Feminism Forever- The Beginning (1st in trilogy)
Another year has passed by. The time disappeared. Yet again I have done nothing great with my life. Instead I still haven't been promoted in the job I sweated over, I haven't been able to maintain a relationship and I still haven't been able to gain my father's trust.
What would mother say? Since she died I have been trying to do everything she would approve of. But it is hard to remember what she was like. Awful as it sounds it is true. Although I try to keep a picture of her in my mind it fades. Maybe because it is false.
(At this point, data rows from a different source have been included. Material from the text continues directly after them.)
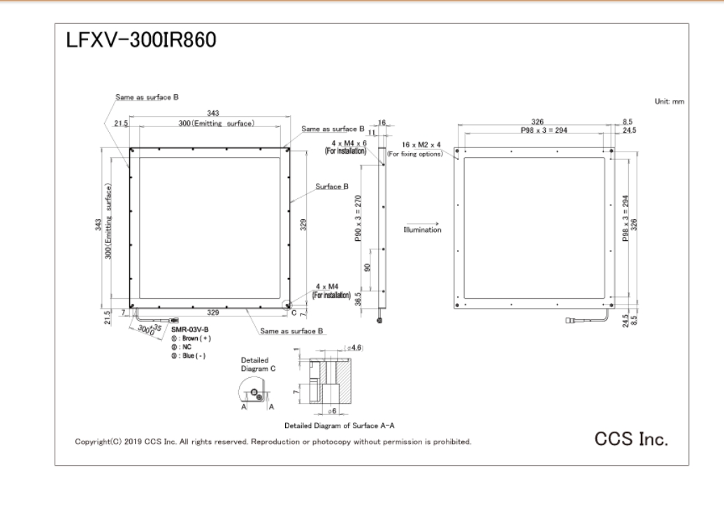 CCS希希爱视 LFXV-300IR860 平面无影光源 LED发光颜色 Infrared 峰值发光波长 855 nm typ. 外观尺寸 W 343 mm x D 343 mm x H 16 mm 输入电压 24VDC 消耗功率 34 W max. 极性, 信号 1: (+), 2: NC, 3: (-) 线缆长度 300 mm 外壳材质 Aluminum alloy, Resin (protective plate, light-guiding plate) 输入端口 SMR-03V-B 适合规格 CE, UKCA, RoHS, IEC 62471(Exempt) 使用温湿度 Temperature: 0 to 40℃, Humidity: 20% to 85%RH (with no condensation)(indoors only) 保存温湿度 Temperature: -20 to 60°C, Humidity: 20 to 85%RH (no condensation) 冷却方式 Natural air-cooling 重量 2000 g max. 附属品 使用说明书 手机/微信:13682357734 电话:0755-84690029 QQ: 2844337877 邮箱:2844337877@qq.com...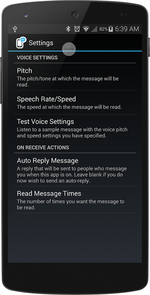 - Name Finder: If the text message's phone is in your contact list the person's name will be said instead of the phone number.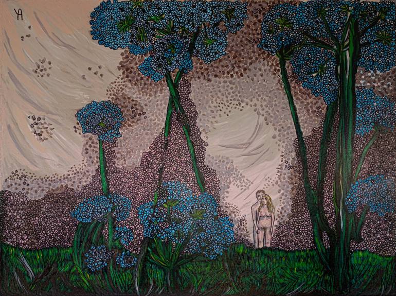 In this painting, Yoti evokes shared steps into a new life, with a clear allusion to the Garden of Eden. At its center are two figures standing close together, their nudity symbolizing vulnerability, purity and the raw essence of human connection. Their intimate pose suggests a shared journey, a ste...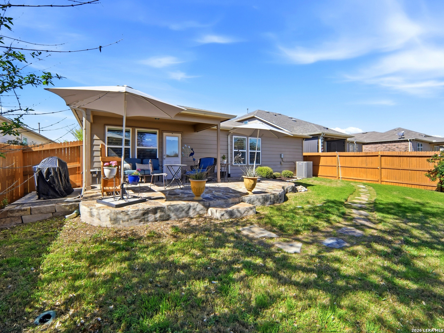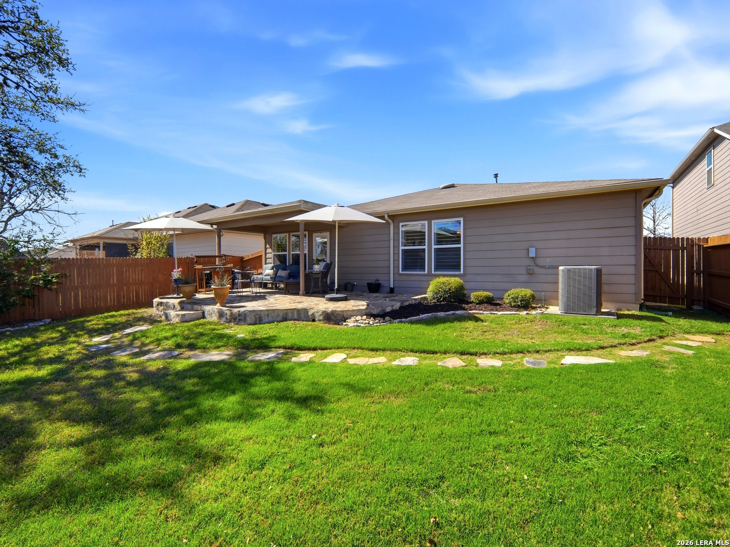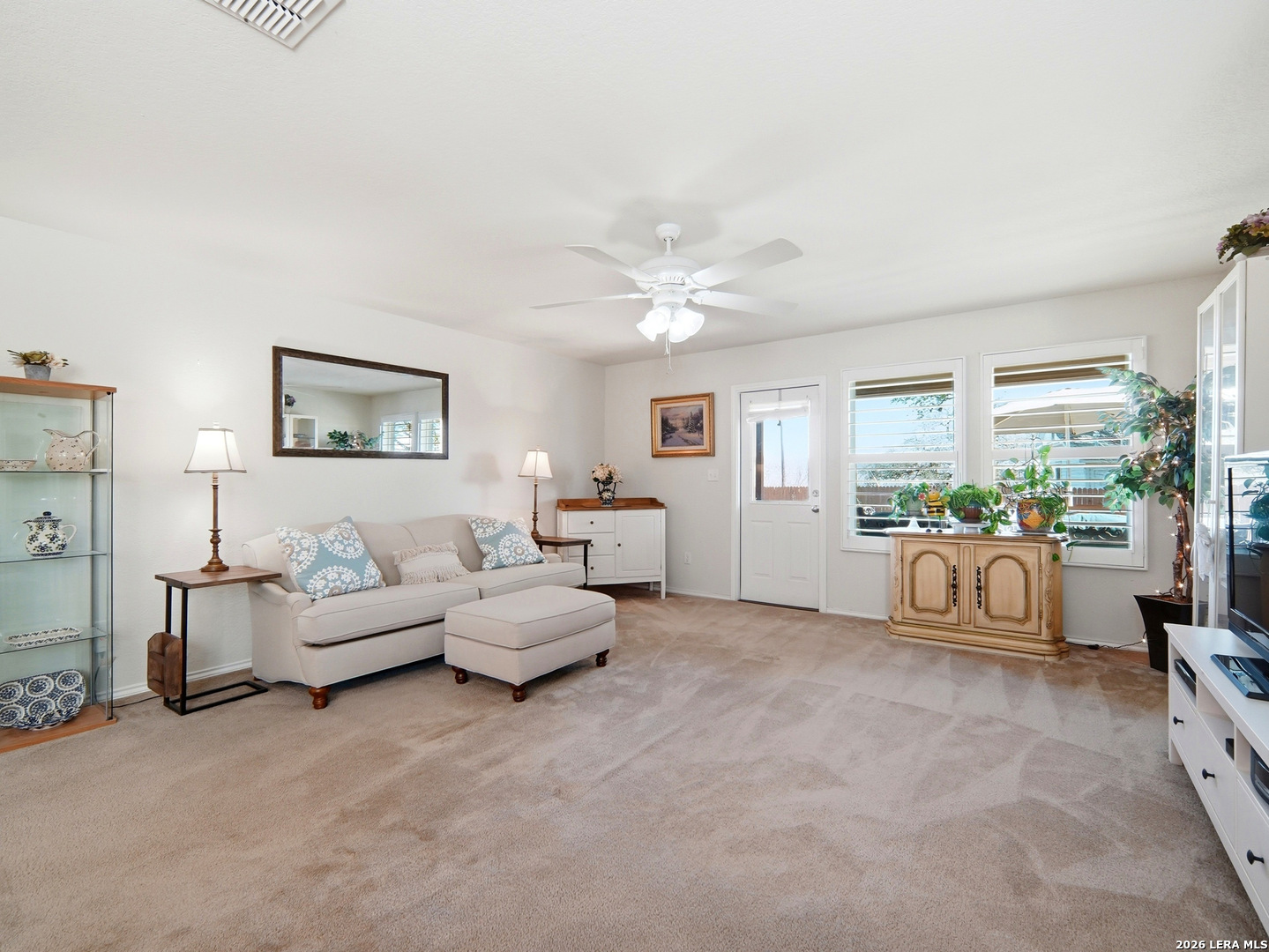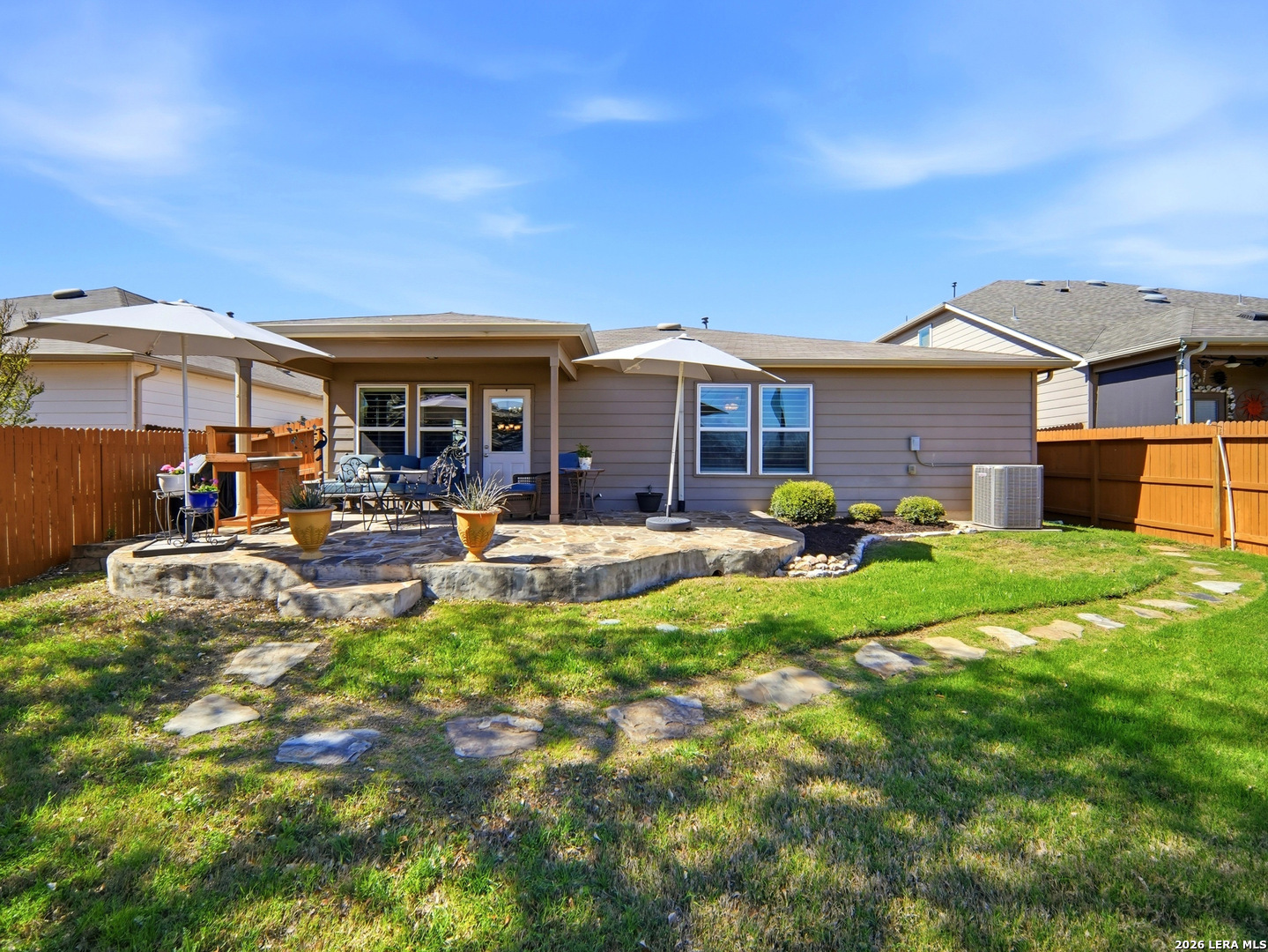 Beautifully maintained and thoughtfully upgraded, this inviting Converse home offers comfort, craftsmanship, and a backyard setting that is truly special. An upgraded front entry door immediately elevates the arrival experience, setting the tone for the quality and care found throughout the home. Inside, the open layout allows the living, dining, and kitchen areas to flow naturally together, creating an ideal space for both daily living and entertaining. Gorgeous plantation shutters throughout the home add timeless character while helping keep the interior cool during the warm Texas months. The private owner's suite provides a relaxing retreat and features an upgraded walk-in shower designed with comfort in mind, including a convenient collapsible seat that enhances the overall shower experience. Additional thoughtful features include an owned water softener and reverse osmosis system at the kitchen faucet, providing convenience and enhanced water quality. Outdoors is where this property truly shines. A custom masonry deck, handcrafted with remarkable care by a skilled artisan, anchors the backyard and creates a welcoming space to relax and unwind. With Scheel Farm positioned directly behind the property, the view offers a rare sense of privacy and open space, providing a peaceful and beautiful backdrop. The next homeowner can enjoy quiet mornings with coffee in their backyard oasis or wind down in the evening with a glass of wine or their favorite beverage under the Texas sky. Conveniently located with easy access to I-35, commuting toward San Antonio is simple, with Randolph Air Force Base, shopping, dining, and everyday conveniences just minutes away. Homes offering this combination of thoughtful upgrades, beautifully crafted outdoor living space, and convenient access to major destinations are not often available. Schedule a private tour to experience everything 8718 Flint Rock Way has to offer.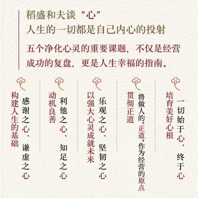 在長期的企業(yè)經(jīng)營中,稻盛和夫更是提出“提高心性,拓展經(jīng)營”的口號,貫徹“以心為本”的方針。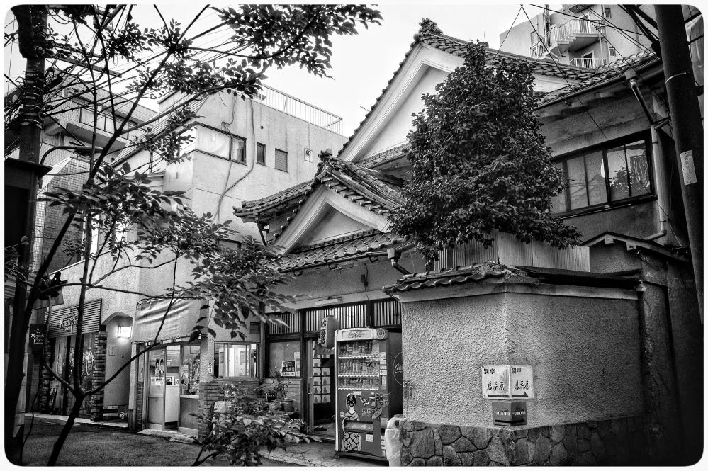神楽坂の通りから見番横丁へ入り、料亭などがある石畳の細道を抜け石段を降れば同湯の脇に出る。類い稀な秀逸なロケーション銭湯だ。そしてこれほどの風情。加えて同湯は未だに薪でお湯を沸かしている。斜面に屹立するコンクリートの煙突も健在だ。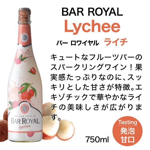 ライチの果実感が弾けるフルーツスパークリング キュートなフルーツフレーバーのスパークリングワイン! 果実感たっぷりなのにスッキリした甘さが特徴!口の中で泡が弾けて、みずみずしい味わい。

Growing up I saw her as a strong and independent woman. But from what I now remember she allowed Dad to take charge of every situation even if she disagreed with his views.
So she was like every other woman. She just bowed down to men to prevent confrontation. Perhaps that means she'd be glad that I could break the trend. I don't know. Actually I don't care. It's my life and I'll live for myself. Despite the love I feel towards my Mum I can't summon respect. Just because she's like every other woman. Every other woman.
Here I am aged twenty with all these ideas but no plans. If only I would write them down so I could remember. But firstly I'll write new years resolutions to make this year better than the others:
The Resolutions by Scarlett Alexandra McQueen
1) Never let anybody change your views because these are part of you and if they don't accept them they don't accept you
2) Follow your instincts
3) Remain in control of the situation
4) Never let a man use you
5) Never let anybody make you feel bad about yourself
I like them. They show who I am and what I am about. I am a strong woman who believes in Feminism (which sadly is limited in our country). Also I think I am meant to make a difference in the world because I am one of the few women who managed ro get a job in business (getting jobs is hard in any profession).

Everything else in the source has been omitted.